1. In what ratio should a shopkeeper mix two types of rice, one costing 40 rupees/kg and another costing 20
rupees/kg to get a rice variety costing 28 rupees/kg .
A. 3:2
B. 2:3
C. 4:3
D. 2:7
View Answer
Ans : B
Explanation: we can use Alligation as follows
X = 40-28 = 4 ; y = 28-20 = 8
The ratio between the type 1 and type 2 rice is 4:6 or 2: 3
2. In what ratio should wheat at Rs12.60 per kg be mixed with wheat at Rs. 14.60 per kg so that the mixture
be worth Rs.13 per kg ?
A. 6:7
B. 8:7
C. 4:3
D. 4:1
View Answer
Ans : D
Explanation: So the ratio will be :
1460 - 1300 : 1300-1260
=> 160 : 40 => 4:1
3. In what ratio must water be mixed with milk costing Rs.30 per litre in order to get a mixture worth of Rs.18
per litre?
A. 1:3
B. 2:3
C. 4:3
D. 3:2
View Answer
Ans : B
Explanation: C.P. of 1 lt of water = 0
C.P. of 1 lt of milk = 30
Mean price = 30
So, 30-18 : 18-0
=> 12:18 => 2:3
4. How many kg of dal at Rs.8.40 per kg be mixed with32 kg of dall at Rs10.20 per kg to get a mixture worth
Rs.9.60 per kg?
A. 8
B. 12
C. 16
D. 20
View Answer
Ans : C
Explanation: By the rule of allegation ,we have
C.P. of 1 kg of 1st kind dal = 840
C.P. of 1 kg of 2nd kind dal = 1020
Price of 1kg of mixture = 960
So, 1020-960 : 960-840 => 60:120 => 1:2
=> Quantity of 1st kind dall:32 = 1:2
Quantity of 1st kind dall =32 *1/2 = 16
5. In 1 kg mixture of iron and carbon, 40% is carbon. How much iron should be added so that the proportion
of carbon becomes 20%.
A. 1KG
B. 2KG
C. 3KG
D. 4KG
View Answer
Ans : A
Explanation: By the rule of allegation ,we have
% of carbon in mixture = 40
% of carbon in pure iron = 0
Mean=20
Quantity of the mixture : Quantity of iron = 20 : 20 = 1 : 1
Given that quantity of the mixture = 1 kg
Hence quantity of iron to be added = 1 kg
6. How many litres of water should be added to a 30 litre mixture of milk and water containing milk and
water in the ratio of 3:7 such that the resultant mixture has 40% water in it?
A. 3
B. 4
C. 5
D. 6
View Answer
Ans : C
Explanation: 60 litres of the mixture has milk and water in the ratio 3:7.

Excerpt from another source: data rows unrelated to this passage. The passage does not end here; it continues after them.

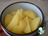 Помойте и почистите картофель. Нарежьте его дольками, залейте холодной водой. Доведите до кипения и варите 5 минут. Откиньте на дуршлаг. |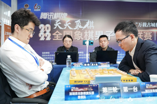 第二盘,浙江队虎贲大将黄竹风纵马闯阵,深圳李少庚挺身而出。双方慢棋战成平手,换先加赛快棋,黄竹风伏下妙计,强行擒获一炮,精彩动人。黄竹风在联赛后半段和季后赛为浙江队冲锋陷阵所向披靡,堪称中流砥柱。第三盘深圳曹岩磊状态回勇,乱战之中生擒义乌少帅孙昕昊,干净利落,深圳队已经立于不败之地。危急关头,浙江赵鑫鑫挽狂澜于既倒,扶大厦之将倾,紧握小先手步步紧逼,将深圳队常规赛第一得分手李翰林斩于马下,比赛拖入超快棋的比拼。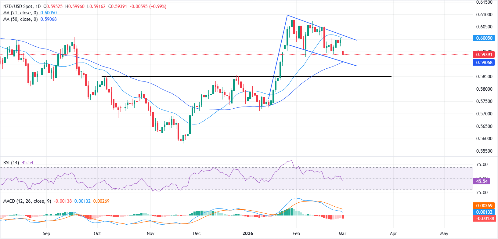 截至撰写时,该货币对交易于0.5939附近,早些时候曾跌至0.5916,為1月23日以来的最低水平。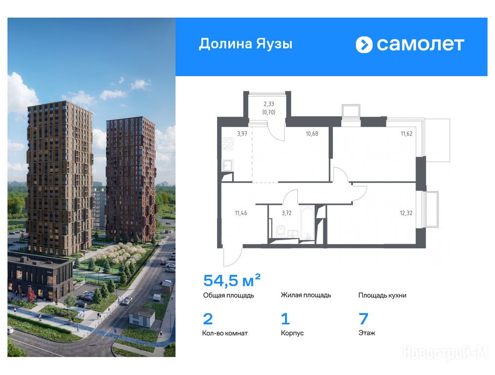 Продается двухкомнатная квартира в новостройке ЖК «Долина Яузы» по адресу Московская область, Мытищи городской округ, Мытищи, мкр.20, ул. Трудовая корп. 1. Общая площадь квартиры - 54.5 кв. м. Тип проекта, по которому построен дом — Монолитно-кирпичный, компания-застройщик — ООО СЗ «Реновация-Мытищи», Группа «Самолет». Стоимость квартиры — 19 523 426 руб. Способы оплаты можно уточнить у продавца. Более подробная информация по телефону.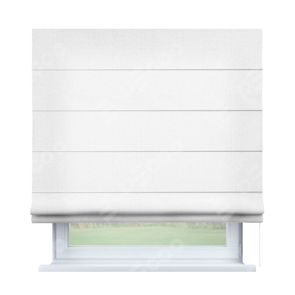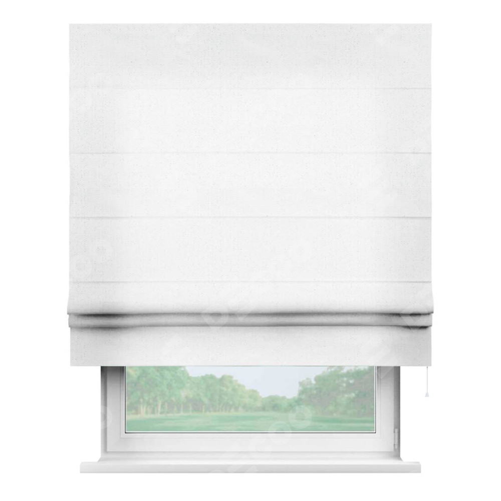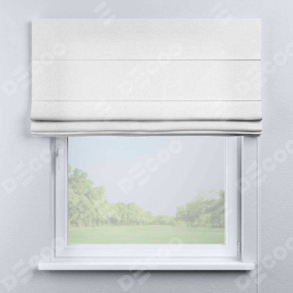 Римская штора от производителя «Cortin», используется для проёма, пошита из ткани лён белый, артикул ткани 7439. Имеет универсальный механизм и подходит для монтажа: на потолок, на стену и в нишу.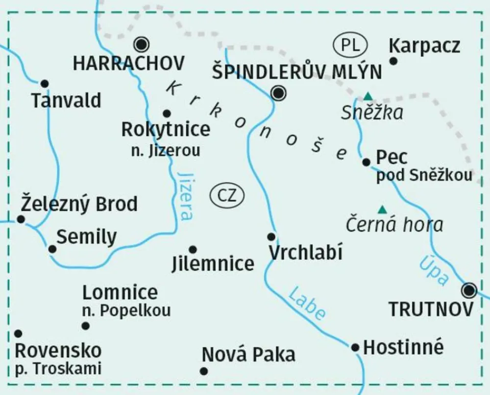 Harrachov, Spindleruv Mlyn, Karpacz, Tanvald, Rokytnice, Pec pod Snezkou, Zelezny Brod, Semily, Vrchlabi, Jilemnice, Lomnice n. Popelkou, Trutnov, Rovensko p. Troskami, Nova Paka, Hostinne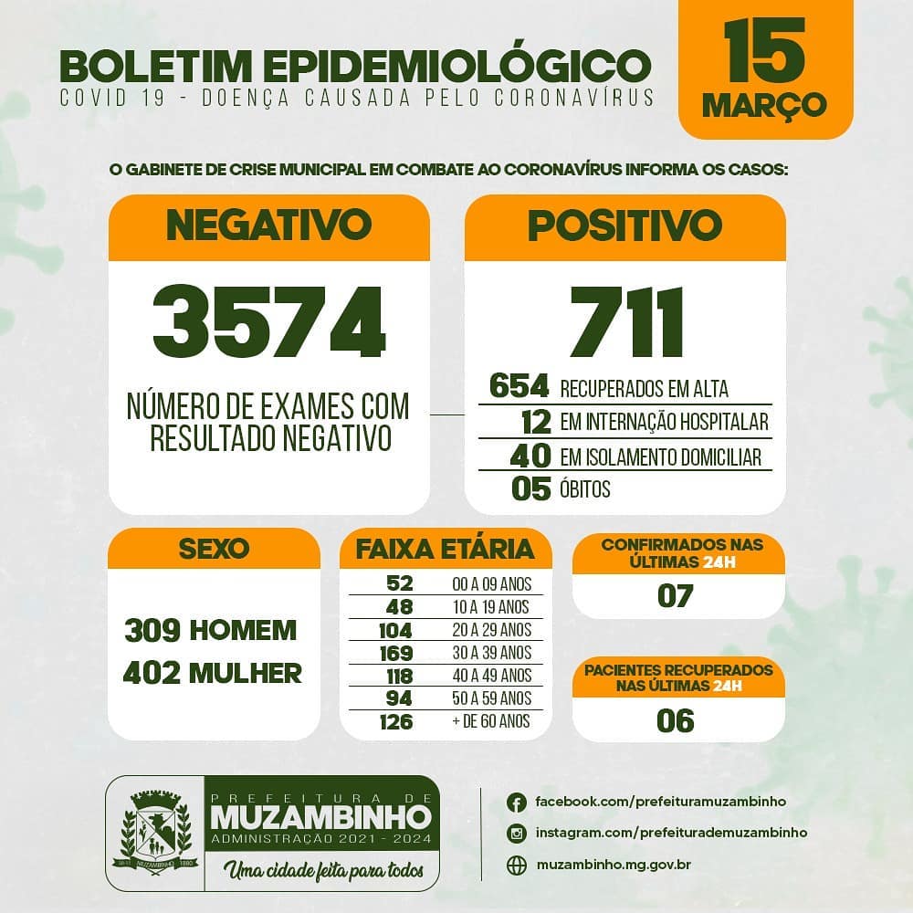 Boletim COVID-19 – Boletim do dia 15/03/21 – Muzambinho/MG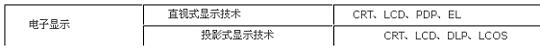 電子顯示又有很多類別,我們可以簡單地將其分為直視式和投影式兩種。每種方式又包含多種顯示技術,如下表所示:

i.e. the solution has 21 litres of milk and 9 litres of water.
When you add more water, the amount of milk in the mixture remains constant at 21 litres.
In the first case, before addition of further water, 21 litres of milk accounts for 70% by volume.
After water is
added, the new mixture contains 60% milk and 40% water.
Therefore, the 21 litres of milk accounts for 60% by volume.
Hence, 100%
7. 5 litre of coconut oil is added to 15 litre of a solution containing 40% of groundnut oil. The percentage of
groundnut in the new mixture is:
A. 20%
B. 30%
C. 40%
D. 50%
View Answer
Ans : B
Explanation: We have a 15 litre solution containing 40% of groundnut in the coconut oil.
=> Quantity of groundnut in the solution =(15* 40)/100= 6
Now 5 litre of coconut oil is added to the solution.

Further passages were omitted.